SIMIOS Y HUMANOS: PRIMOS HERMANOS

Francisco Lerdo y Josefa Corta eran investigadores en comisión de servicios en el Muy Real Instituto de Investigaciones Científicas y Antropológicas Lógicas e incluso Ilógicas. Eternamente becados, elaboraban voluminosos informes que nadie leía (se sospechaba que ni ellos mismos) acerca de los más variopintos temas, incluidos los que nada tenían que ver con su especialidad que, por otra parte, nadie sabía cual era. Su trabajo más divulgado (lo leyeron hasta ellos) fue “Gorilas, orangutanes, chimpancés, macacos, hombres, mujeres y otros simios” título, éste también, de su celebrada tesis doctoral (celebrada por ellos cuando al fin, después de 12 años de trabajo, según ellos, la terminaron) que llevaba el subtítulo de “Simios y Humanos: primos hermanos... o cómo reconocer a un simio simplemente con mirarte a un espejo”. Su tesis fue calificada, como todas, con Sobresaliente cum laude, lo que demuestra que el tribunal no se molestó en leerla, que es lo que suelen hacer los tribunales de los distintos departamentos de cualquier universidad cuando tienen que enfrentarse a tochos de 978 páginas, como era el caso.

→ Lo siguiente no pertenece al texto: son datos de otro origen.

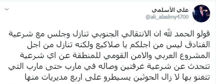 وكتب عبر تغريدة له على "تويتر" رصدها "المشهد العربي": "قولوا الحمد لله أن الانتقالي الجنوبي تنازل وجلس مع شرعية الفنادق ليس من أجلكم يا ...ولكنه تنازل من أجل المشروع العربي والأمن القومي للمنطقة عن أي شرعية تتحدث عن شرعية غرفتين وصالة في مأرب حتى مأرب التي تتغنوا بها لا زال الحوثيون يسيطرون على أربع مديريات منها".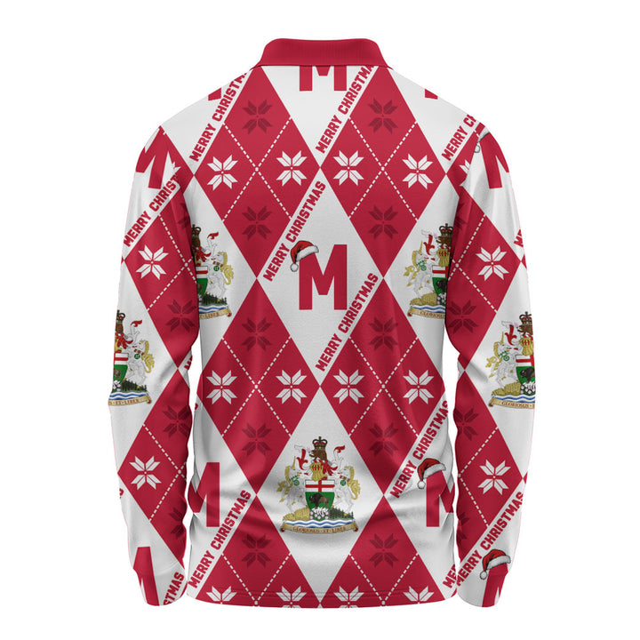 Manitoba Long Sleeve Polo Shirt Christmas Argyle Pattern With Royal Crest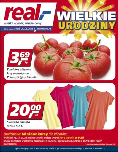 Nowa gazetka promocyjna sieci handlowej Real - "Wielkie urodziny". Polecane promocje z gazetki Real: Pomidory kiściowe 1 kg - 3,69 zł. Sukienka damska - 20 zł. Szampon Palmolive 2x350 ml - 8 zł. Oferta ważna od 14.05…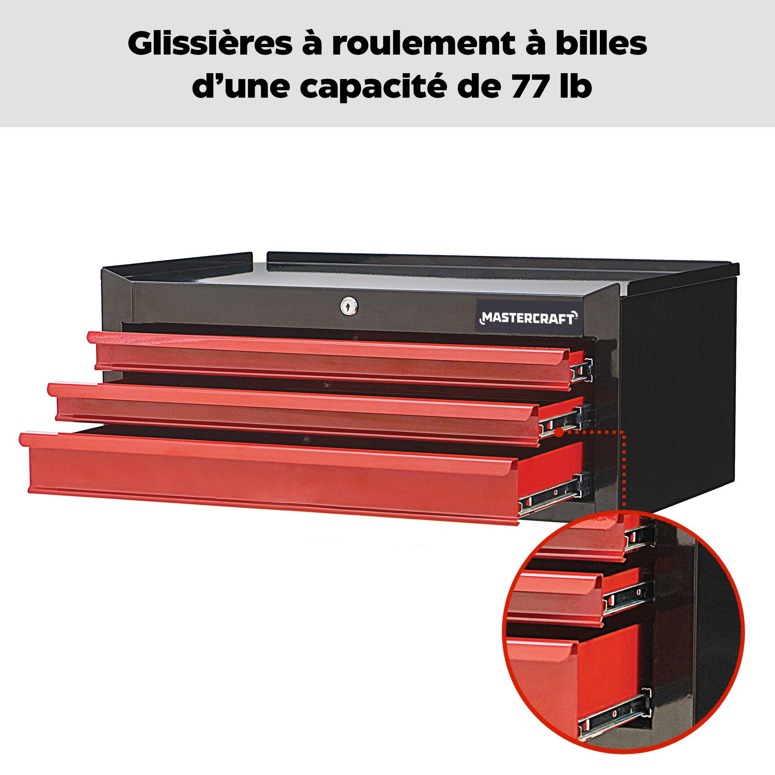Le coffre à outils intermédiaire de 26 po à 3 tiroirs noir et rouge Mastercraft est conçu pour répondre aux besoins de votre atelier. Le coffre peut supporter une capacité totale de 400 lb. Le dessus spacieux de ce coffre à outils peut servir d'espace de travail et peut être facilement empilé avec d'autres unités de rangement Mastercraft pour plus de fonctionnalité. Offert dans une élégante combinaison de couleur noir et rouge, il est un parfait mélange de forme et de fonctionnalité.

Aquel comienzo de curso, Francisco y Josefa, como buenos investigadores, investigaban el calendario escolar para contar las fiestas y puentes que disfrutarían. En ese momento, entró en su despacho su Jefe de Departamento –en comisión de servicios y becado eterno como ellos- para informarles, con una sonrisa entre malévola e inquietante, que habían sido becados –una vez más- para que investigaran lo que pudieran aunque pudieran poco, acerca de la vida, costumbres, comportamientos lúdicos, actividad sexual, inteligencia si la tuvieren y modos de vida de los grandes simios de Borneo... pero esta vez en directo. Aterrados ante la orden de salir de su despacho, por vez primera, para una investigación de campo, lo primero que hicieron, una vez superado el susto, fue buscar en un atlas dónde estaba ese lugar que imaginaban, y con razón, ignoto y lejano llamado Borneo, comprobando horrorizados que estaba lejísimos... de su despacho. Y se prepararon, a regañadientes, para el viaje. Ya en Borneo, su primer problema les llegó en forma de problema, aunque fuera muy sencillo. El conductor del todoterreno que fue a buscarlos, después de darles los buenos días, un salacof y pastillas de quinina para la malaria, les espetó: -A ver, ustedes que son investigadores, investíguenme esto: A mi padre le dio por cambiar con sus vecinos conejos por gallinas. Por cada 2 conejos pedía 3 gallinas. Cada gallina ponía huevos en número igual a la tercera parte del número total de gallinas. Mi padre, al vender los huevos, pedía por cada 9 huevos tantos borneuros como huevos ponía cada gallina, y ganó 72 borneuros. Y ahora pregunto, señores investigadores: ¿Cuántas gallinas y cuántos conejos tenía mi padre? -¿Qué son borneuros? –preguntó Francisco Lerdo, dando pruebas de su agudeza mental. -La moneda nacional, caballero –contestó el conductor. -Que curioso –añadió Josefina Corta, para disimular que no tenía ni idea de cómo resolver el sencillo problema- No sabía que en Borneo se vendieran los huevos de 9 en 9. -¿Cómo se venden en España? –preguntó el conductor. -Por docenas –contestó Josefina. -Y aquí también. -Pero la docena tiene 12 huevos. -¿Con lo que han subido de precio? Aquí, el Ministro de Economía, para evitar la inflación, en lugar de subir los precios, ha bajado la docena a nueve huevos... y en lugar de Docena la llamamos Novena, como la de Beethoven, ya saben.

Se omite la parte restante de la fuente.